The boy and three law enforcement officers were treated and released Saturday from a local hospital. The boy’s right eye was bloodied and his throat bruised after he was choked with a chain he wore, his attorney said. Morse suffered cuts on his knee, elbow and ear, Irvine said.

Jackson was booked on suspicion of assaulting a police officer, and was later released.

“We want this police officer fired and prosecuted,” said Najee Ali of Project Islamic HOPE, a community activist group. “This is another Rodney King beating; it’s not a matter of race, it’s a matter of police culture.”

Inglewood Mayor Roosevelt Dorn called the footage “very disturbing.”

But “it doesn’t resemble Rodney King,” he said, “because you don’t have four or five officers beating this one young man.
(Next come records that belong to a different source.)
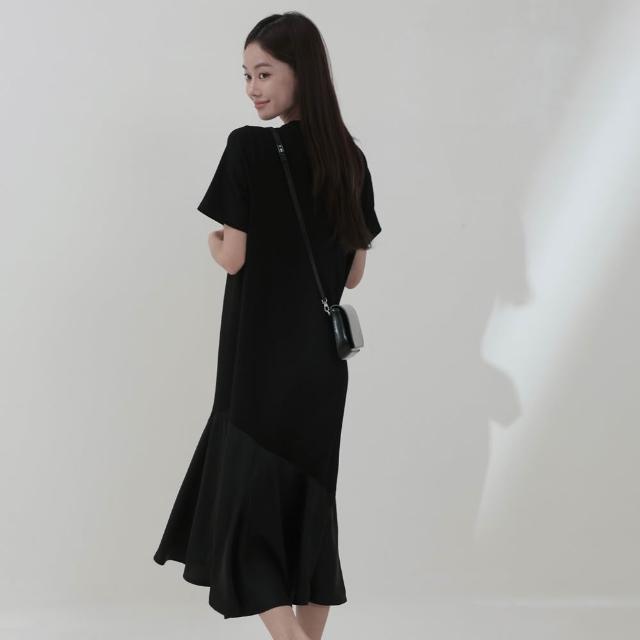 迷人又簡約拼接魚尾洋裝
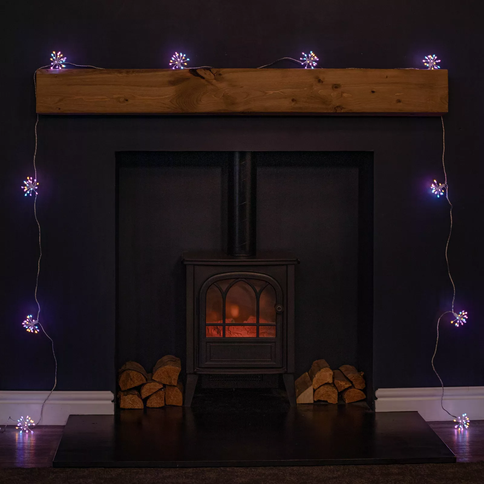 The USB-operated Starburst Chain Lights feature 100 warm white LEDs, a total length of 2m. With 10 ornament of 7cm diameter, these lights provide a mesmerizing display.
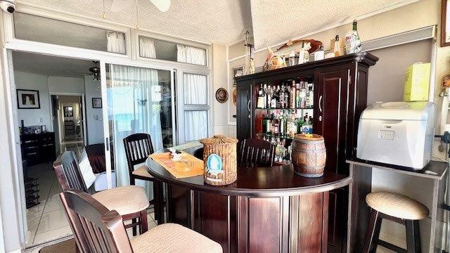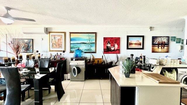 This stylish apartment boasts beautiful porcelain tiles throughout the unit, when you walk through the door there is a well designed kitchen equipped for any chef, ample cupboard space, gas hob, granite tops with a breakfast counter, this leads into the spacious dining and lounge area, equipped with ceiling fans and air-conditioner. From this area there is sliding doors leading out onto a spacious covered balcony with the most breathtaking sea-views, the balcony has a built-in braai.

What I saw was one officer .... The only concern I have at this point is to see justice is done. One officer’s conduct is not going to destroy this city.”

After viewing the videotape, attorney Thomas E. Beck, many of whose clients claimed to be victims of police abuse, said, “The officer was being physically and unnecessarily abusive to that boy. There’s no amount of fact that would justify what the officer did.”

The videotape was shot by Mitchell Crooks, a 27-year-old DJ staying in a nearby hotel while he waited to switch apartments after returning from vacation. Hearing a woman screaming about someone being beaten, Crooks ran outside with his video camera. He said he was not shocked by what he saw and did not realize what a stir the videotape would cause.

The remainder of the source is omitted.